__Given material__
————
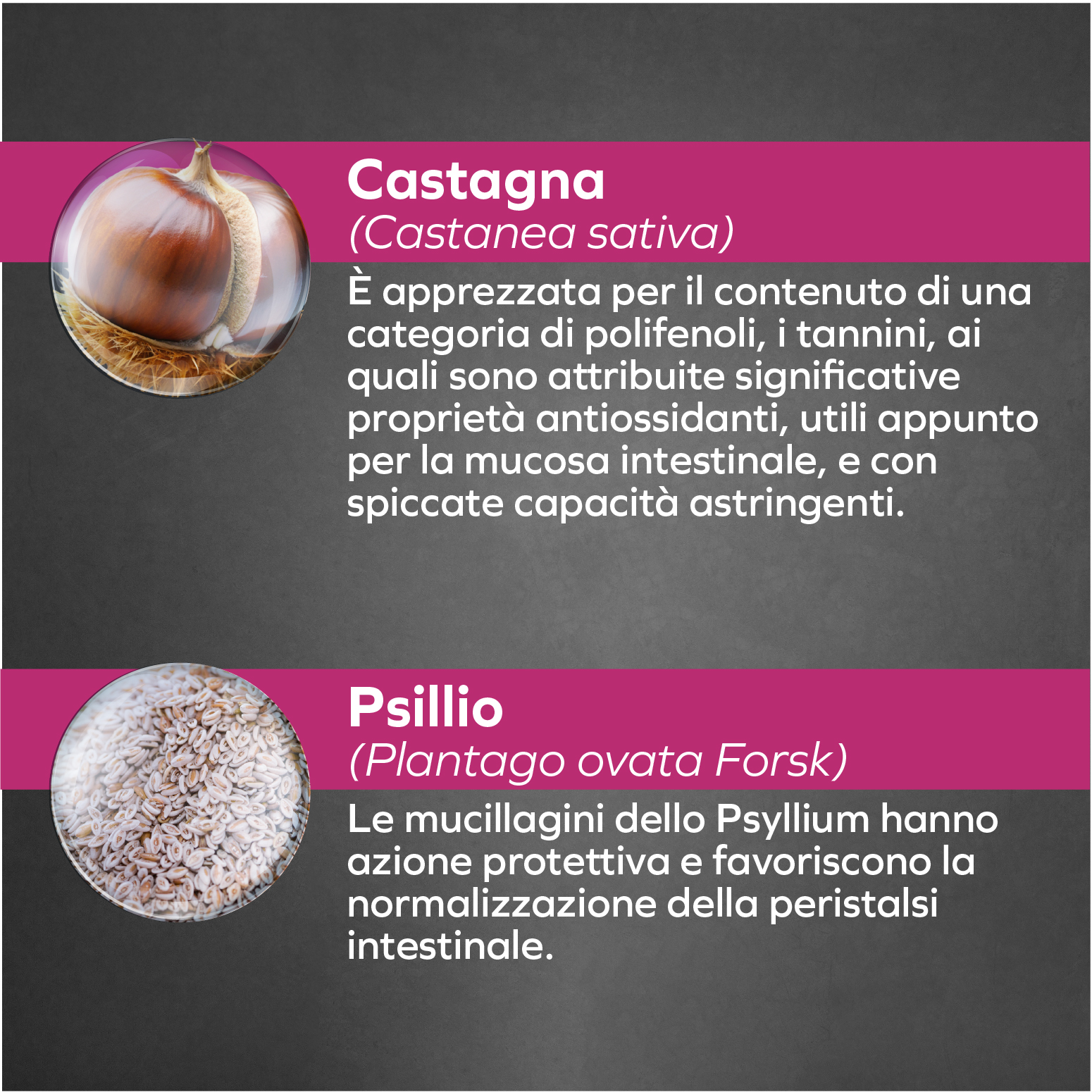 Castanea sativa: è apprezzata per il contenuto di una categoria di polifenoli, i tannini, ai quali sono attribuite significative proprietà antiossidanti, utili appunto per la mucosa intestinale, e con spiccate capacità astringenti.
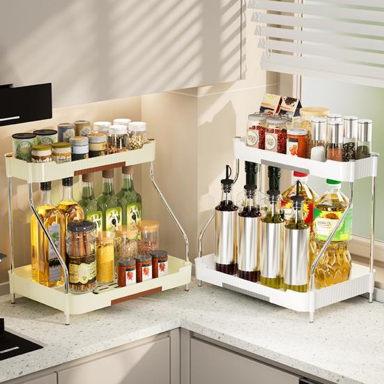 Maksymalizacja wielopoziomowego przechowywania: Przesunięta konstrukcja dwupoziomowa pozwala jednocześnie przechowywać wysokie butelki z olejem, średnie słoiki z sosami i małe pojemniki na przyprawy, eliminując bałagan na blacie w jednej zorganizowanej przestrzeni..
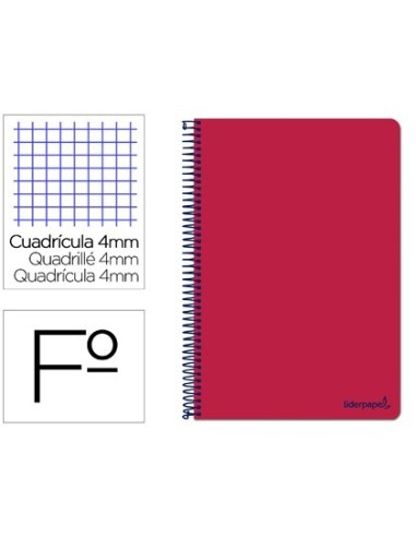 CUADERNO ESPIRAL LIDERPAPEL FOLIO SMART TAPA BLANDA 80H 60GR CUADRO 4MM CON MARGEN COLOR ROJO
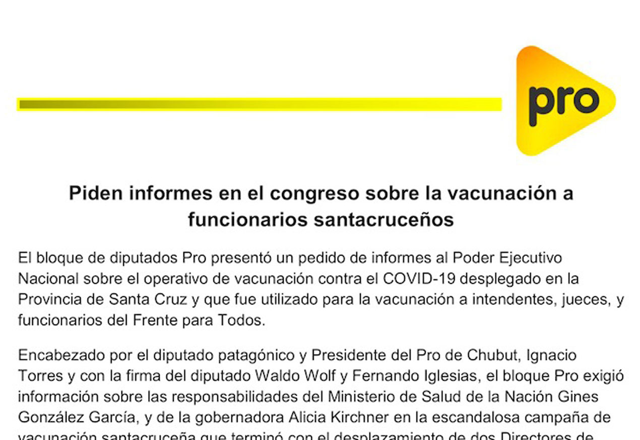 El informe del Pro indica que la presentación la efectuó el presidente del Pro de Chubut, Ignacio Torres y con la firma del diputado Waldo Wolf y Fernando Iglesias, el bloque Pro donde exigen información sobre las responsabilidades del Ministerio de Salud de la Nación Gines González García, y de la gobernadora Alicia Kirchner en el escándalo suscitado en Cdte Luis Piedra Buena y otras localidades de Santa Cruz, con a vacunación Covid.
————
Lines from the one holding "Maksymalizacja wielopoziomowego przechowywania: Przesunięta" to the end of the data, both ends included, are to be given again exactly; no pictures belong in the copy.

__Finished task__
 Maksymalizacja wielopoziomowego przechowywania: Przesunięta konstrukcja dwupoziomowa pozwala jednocześnie przechowywać wysokie butelki z olejem, średnie słoiki z sosami i małe pojemniki na przyprawy, eliminując bałagan na blacie w jednej zorganizowanej przestrzeni..
 CUADERNO ESPIRAL LIDERPAPEL FOLIO SMART TAPA BLANDA 80H 60GR CUADRO 4MM CON MARGEN COLOR ROJO
 El informe del Pro indica que la presentación la efectuó el presidente del Pro de Chubut, Ignacio Torres y con la firma del diputado Waldo Wolf y Fernando Iglesias, el bloque Pro donde exigen información sobre las responsabilidades del Ministerio de Salud de la Nación Gines González García, y de la gobernadora Alicia Kirchner en el escándalo suscitado en Cdte Luis Piedra Buena y otras localidades de Santa Cruz, con a vacunación Covid.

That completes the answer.